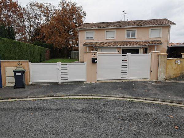 Ce chantier a constitué à faire une pose de deux portails en aluminium avec l'un (le plus petit) qui s'utilise manuellement et le second (le plus grand) qui est connecté et motorisé avec l'équipement Somfy afin de facilité son ouverture et son accès.
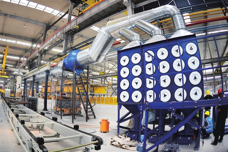 项目以“绿色制造、智能制造、可持续制造”为核心理念,在工艺方法、工艺装备等方面均采用国内领先技术,如塔式起重机整体标准节智能化生产线,配置了32台焊接机器人、6台搬运机器人、8套地面及空中移载机构、14套变位机构、13套物料输送系统,整线自动化程度高。标准节95%以上的焊缝均由机器人完成焊接,焊接质量大幅提升,产品一次下线合格率99%以上,运营成本降低30%以上,人员减少50%以上;塔式起重机片式标准节智能化生产线配置了22台焊接机器人、8台搬运机器人、2套龙门抓手,整线采用一字流布局,全流程自动化生产。其中,高温清洗和处理工艺为行业首创;无VOC(挥发性有机物)排放,厂房内所有焊接作业所产生的烟尘都由一套超大型“抽油烟机”收集、处理,各项环保数据达标后由电脑程序下达排放命令,“杜绝了人为干预,超标排放”,为绿色发展提供了极具前瞻性的解决路径;定制化开发建筑装备生产制造MES系统(制造执行系统)、ERP系统(企业资源计划)、PDM系统(产品数据管理系统)等,打造“1”个平台(工业互联网平台)、“2”个中心(生产监控中心、远程运维中心)、“3”个端(生产端、管理端、服务端)的信息化体系,通过以太网、5G等技术实现设施高度互联,实现建筑装备制造全流程信息化管控。
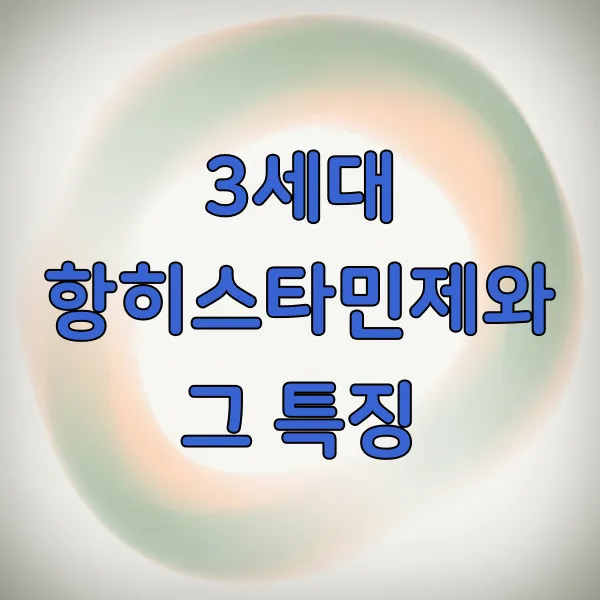 3세대 항히스타민제는 2세대 약물에서 한 단계 더 발전하여, 특정 이성질체만을 사용하여 약효를 높이고 부작용을 더욱 줄인 약물입니다. 이들은 특정 히스타민 수용체에 더 선택적으로 작용하도록 개발되어, 불필요한 부작용을 최소화하려는 노력이 담겨있어요.

·····

Exercise –
Repeat the full listing above without altering a word, and skip the pictures.

Task result –
 Ce chantier a constitué à faire une pose de deux portails en aluminium avec l'un (le plus petit) qui s'utilise manuellement et le second (le plus grand) qui est connecté et motorisé avec l'équipement Somfy afin de facilité son ouverture et son accès.
 项目以“绿色制造、智能制造、可持续制造”为核心理念,在工艺方法、工艺装备等方面均采用国内领先技术,如塔式起重机整体标准节智能化生产线,配置了32台焊接机器人、6台搬运机器人、8套地面及空中移载机构、14套变位机构、13套物料输送系统,整线自动化程度高。标准节95%以上的焊缝均由机器人完成焊接,焊接质量大幅提升,产品一次下线合格率99%以上,运营成本降低30%以上,人员减少50%以上;塔式起重机片式标准节智能化生产线配置了22台焊接机器人、8台搬运机器人、2套龙门抓手,整线采用一字流布局,全流程自动化生产。其中,高温清洗和处理工艺为行业首创;无VOC(挥发性有机物)排放,厂房内所有焊接作业所产生的烟尘都由一套超大型“抽油烟机”收集、处理,各项环保数据达标后由电脑程序下达排放命令,“杜绝了人为干预,超标排放”,为绿色发展提供了极具前瞻性的解决路径;定制化开发建筑装备生产制造MES系统(制造执行系统)、ERP系统(企业资源计划)、PDM系统(产品数据管理系统)等,打造“1”个平台(工业互联网平台)、“2”个中心(生产监控中心、远程运维中心)、“3”个端(生产端、管理端、服务端)的信息化体系,通过以太网、5G等技术实现设施高度互联,实现建筑装备制造全流程信息化管控。
 3세대 항히스타민제는 2세대 약물에서 한 단계 더 발전하여, 특정 이성질체만을 사용하여 약효를 높이고 부작용을 더욱 줄인 약물입니다. 이들은 특정 히스타민 수용체에 더 선택적으로 작용하도록 개발되어, 불필요한 부작용을 최소화하려는 노력이 담겨있어요.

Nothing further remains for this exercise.